「ちょっと月まで」 誰もが気軽に行ける日は近いのか? 夢とロマンで語る時代は終わった
一般人の月旅行が夢物語ではなくなっている。月資源の商取引も可能となった現状を解説する。
「ちょっと月まで」誰もが気軽に月面へ行ける時代へ

ispaceは、一連のミッションで技術検証を重ねつつ、水資源探査を中心とした月の情報収集を行い、地球から月への輸送サービスプラットフォームの構築を目指す、としている。
その輸送サービスの足掛かりとして、今回のミッションでは、宇宙航空研究開発機構(JAXA)の変形型月面ロボットや、日本特殊陶業(名古屋市)の固体電池、ロックバンド・サカナクションが作曲したHAKUTOの応援歌「SORATO」の楽曲音源を収録したミュージックディスクなどが搭載される。

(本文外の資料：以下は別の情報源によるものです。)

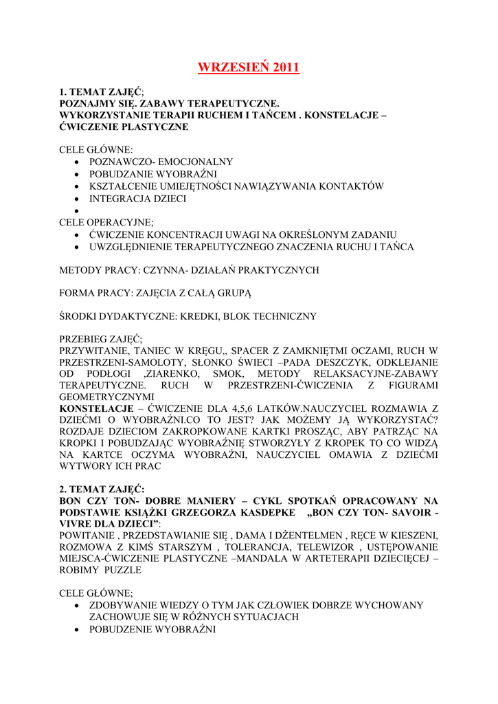 WRZESIEŃ 2011 1. TEMAT ZAJĘĆ; POZNAJMY SIĘ. ZABAWY TERAPEUTYCZNE. WYKORZYSTANIE TERAPII RUCHEM I TAŃCEM . KONSTELACJE – ĆWICZENIE PLASTYCZNE CELE GŁÓWNE: POZNAWCZO- EMOCJONALNY POBUDZANIE WYOBRAŹNI KSZTAŁCENIE UMIEJĘTNOŚCI NAWIĄZYWANIA KONTAKTÓW INTEGRACJA DZIECI CELE OPERACYJNE; ĆWICZENIE KONCENTRACJI UWAGI NA OKREŚLONYM ZADANIU UWZGLĘDNIENIE TERAPEUTYCZNEGO ZNACZENIA RUCHU I TAŃCA METODY PRACY: CZYNNA- DZIAŁAŃ PRAKTYCZNYCH FORMA PRACY: ZAJĘCIA Z CAŁĄ GRUPĄ ŚRODKI DYDAKTYCZNE: KREDKI, BLOK TECHNICZNY PRZEBIEG ZAJĘĆ; PRZYWITANIE, TANIEC W KRĘGU,, SPACER Z ZAMKNIĘTMI OCZAMI, RUCH W PRZESTRZENI-SAMOLOTY, SŁONKO ŚWIECI –PADA DESZCZYK, ODKLEJANIE OD PODŁOGI ,ZIARENKO, SMOK, METODY RELAKSACYJNE-ZABAWY TERAPEUTYCZNE. RUCH W PRZESTRZENI-ĆWICZENIA Z FIGURAMI GEOMETRYCZNYMI KONSTELACJE – ĆWICZENIE DLA 4,5,6 LATKÓW.NAUCZYCIEL ROZMAWIA Z DZIEĆMI O WYOBRAŹNI.CO TO JEST? JAK MOŻEMY JĄ WYKORZYSTAĆ? ROZDAJE DZIECIOM ZAKROPKOWANE KARTKI PROSZĄC, ABY PATRZĄC NA KROPKI I POBUDZAJĄC WYOBRAŹNIĘ STWORZYŁY Z KROPEK TO CO WIDZĄ NA KARTCE OCZYMA WYOBRAŹNI, NAUCZYCIEL OMAWIA Z DZIEĆMI WYTWORY ICH PRAC 2. TEMAT ZAJĘĆ: BON CZY TON- DOBRE MANIERY – CYKL SPOTKAŃ OPRACOWANY NA PODSTAWIE KSIĄŻKI GRZEGORZA KASDEPKE „BON CZY TON- SAVOIR VIVRE DLA DZIECI”: POWITANIE , PRZEDSTAWIANIE SIĘ , DAMA I DŻENTELMEN , RĘCE W KIESZENI, ROZMOWA Z KIMŚ STARSZYM , TOLERANCJA, TELEWIZOR , USTĘPOWANIE MIEJSCA-ĆWICZENIE PLASTYCZNE –MANDALA W ARTETERAPII DZIECIĘCEJ – ROBIMY PUZZLE CELE GŁÓWNE; ZDOBYWANIE WIEDZY O TYM JAK CZŁOWIEK DOBRZE WYCHOWANY ZACHOWUJE SIĘ W RÓŻNYCH SYTUACJACH POBUDZENIE WYOBRAŹNI POZNAWCZO EMOCJONALNY CELE OPERACYJNE; ĆWICZENIE KONCENTRACJI UWAGI NA OKREŚLONYM ZADANIU ĆWICZENIE PAMIĘCI METODY PRACY: SŁOWNA-ROZMOWA, CZYNNA- ZADANIA STAWIANE DO WYKONANIA FORMA PRACY: ZAJĘCIA Z CAŁĄ GRUPĄ ŚRODKI DYDAKTYCZNE; KREDKI, WZORY MANDALI, NOŻYCZKI PRZEBIEG ZAJĘĆ: NAUCZYCIEL WPROWADZA DZIECI W TEMATYKĘ DZISIEJSZYCH ZAJĘĆ , DZIĘKI WYKORZYSTANIU ODPOWIEDNICH ĆWICZEŃ DYDAKTYCZNYCH UTRWALA Z DZIEĆMI POZNANE ZASADY DOBREGO WYCHOWANIA, POD KONIEC ZAJĘĆ NAUCZYCIEL ROZPOCZYNA Z DZIEĆMI PRACĘ Z MANDALĄ, KTÓRĄ DZIECI WYKONUJĄ OD PODSTAW – TWORZĄC KOŁO I PROJEKTUJĄC WNĘTRZE MANDALI NASTĘPNIE TNĄ JĄ NOŻYCZKAMI TWORZĄC PUZZLE JEŻELI NIE ZDĄŻĄ KOŃCZĄ SWOJĄ PRACĘ Z RODZICAMI W DOMU . Jednym z najstarszych symboli ludzkości jest niewątpliwie mandala. Słowo to pochodzi z sans-krytu i oznacza: koło życia, obwód o znaczeniu magicznym, cały świat, święty krąg, centrum. Obecnie praca z mandalą coraz częściej wykorzystywana jest w arteterapii i powstaje na jej temat coraz więcej opracowań. Tworzony w trakcie swobodnej ekspresji magiczny, fascynujący, tajemniczy, barwny krąg, umożliwia wewnętrzną przemianę i ma ogromne działanie terapeutyczne. W osobistej mandali, czyli obramowanej przestrzeni własnej, koło stanowi odzwierciedlenie jaźni. Symbolicznie ujęta przestrzeń jaźni wypełniana jest, na skutek projekcji, kształtami i barwami o charakterze bardzo indywidualnym. Powstaje obraz ukazujący nam nasze konflikty, lęki, napięcia. Zakreślenie wokół siebie ochronnej, magicznej linii, skupienie się na centrum, przyjrzenie się formom i kształtom obrazującym nasze wnętrze powoduje, że czujemy się bardziej pewni, bezpieczni, silniejsi i możemy z dystansem podejść do swoich problemów. W wyniku takiego aktu kreacji powstaje poczucie uwolnienia się od negatywnych emocji, wyciszenia, harmonii, pełni. Trudno jest w sposób naukowy odnieść się do wieloznacznej symboliki mandali. Każdy człowiek posiada swój własny wewnętrzny świat, do którego centrum, tylko on sam ma pełny dostęp. Wszelkie sugerowanie rozwiązań, narzucanie gotowych odpowiedzi, dopowiadanie prawd, stanowi manipulację i nie prowadzi do pozytywnych efektów. Rolą arteterapeuty powinno być jedynie stworzenie odpowiedniej atmosfery, będącej zachętą do wykorzystywania twórczego potencjału i umożliwiającej podejmowanie tego rodzaju działań. 3.TEMAT ZAJĘĆ : DOBRE MANIERY – CHUSTKA DO NOSA , DŁUBANIE W NOSIE, WYCIERANIE NOSA, BEKANIE, WYBRZYDZANIE , SZEPTANIE NA UCHO, PLUCIE, POKAZYWANIE JĘZYKA ,HAŁASOWANIE, PAZNOKCIE , GAFA, KASZEL, PRZEKRZYKIWANIE SIĘ , WYCHODZENIE PO ANGIELSKU – KODEKS DAMY I DŻENTELMENA CELE GŁÓWNE; ZDOBYWANIE WIEDZY O TYM JAK CZŁOWIEK DOBRZE WYCHOWANY ZACHOWUJE SIĘ W RÓŻNYCH SYTUACJACH POBUDZENIE WYOBRAŹNI POZNAWCZO EMOCJONALNY CELE OPERACYJNE; ĆWICZENIE KONCENTRACJI UWAGI NA OKREŚLONYM ZADANIU ĆWICZENIE PAMIĘCI METODY PRACY: SŁOWNA-ROZMOWA, CZYNNA- ZADANIA STAWIANE DO WYKONANIA FORMA PRACY: ZAJĘCIA Z CAŁĄ GRUPĄ ŚRODKI DYDAKTYCZNE: KREDKI, WZORY MANDALI, NOŻYCZKI PRZEBIEG ZAJĘĆ: NAUCZYCIEL WPROWADZA DZIECI W TEMATYKĘ DZISIEJSZYCH ZAJĘĆ , DZIĘKI WYKORZYSTANIU ODPOWIEDNICH ĆWICZEŃ DYDAKTYCZNYCH UTRWALA Z DZIEĆMI POZNANE ZASADY DOBREGO WYCHOWANIA Z ZAJĘĆ DZISIEJSZYCH I POPRZEDNICH. RAZEM Z DZIEĆMI NAUCZYCIEL TWORZY KODEKS DAMY I DŻENTELMENA, KTÓRY ZOSTANIE WYWIESZONY W PRZEDSZKOLNEJ SZATNI. ZASADY SAVOIR VIVRE KULTURALNE DZIECI : 1. ZAWSZE SŁUCHAJĄ SWOICH RODZICÓW, DZIADKÓW I PAŃ W PRZEDSZKOLU 2. PRZEDSTAWIJĄ SIĘ I MÓWIĄ DZIEŃ DOBRY 3. NIE PRZEKRZYKUJĄ SIĘ, NIE HAŁASUJĄ ,NIE POKAZUJĄ JĘZYKA , NIE PLUJĄ . 4. NIE PRZERYWAJĄ KIEDY KTOŚ COŚ MÓWI. 5. NIE TRZYMAJĄ RĄK W KIESZENI PODCZAS ROZMOWY Z OSOBĄ STARSZĄ 6. NIE SIEDZĄ PODCZAS ROZMOWY Z KIMŚ STARSZYM KTO W DANYM MOMENCIE STOI 7. OSOBY KULTURALNE SĄ TOLERANCYJNE – INNY NIE ZNACZY GORSZY 8. NIE OGLĄDAJĄ TELEWIZJI GDY PRZYCHODZĄ GOŚCIE 9. POZWALAJĄ SWOIM GOŚCIOM BAWIĆ SIĘ SWOIMI ZABAWKAMI. 10. NIE DŁUBIĄ W NOSIE .NOS WYCIERAJĄ W CHUSTECZKĘ I NAJLEPIEJ NA UBOCZU NIE PRZY WSZYSTKICH. ZUŻYTE PAPIEROWE CHUSTKI WYRZUCAJĄ DO KOSZA 11. NIE BEKAJĄ PRZY STOLE 12. NIE WYBRZYDZAJĄ PODCZAS POSIŁKÓW, ZAKUPÓW-MOŻEMY SPRAWIĆ KOMUŚ PRZYKROŚĆ 13. NIE SZEPCZĄ D

宇宙事業は国を挙げてのプロジェクトとはいうものの、これまでは研究機関が取り組むもの、というイメージがあった。しかし、今回のミッションは民間企業主導で行われており、かつ誰もが知るような企業やアーティストが関わっているため、宇宙の存在をぐっと身近に感じさせてくれている気がする。
「ちょっと月まで行ってくる」。誰もがそんな気軽さで、ネットで買った月の土地を実際に見に行ったり、その地へ物を運んだりできる日も近いのかもしれない。夢とロマンだけで月が語られる時代が終わりを告げようとしていると思うと、寂しい気もする。一方で、将来の資産形成のために、今のうちに月の土地を買っておくのもいいかもしれない……などと、現実的なことを考えたりもする今日この頃だ。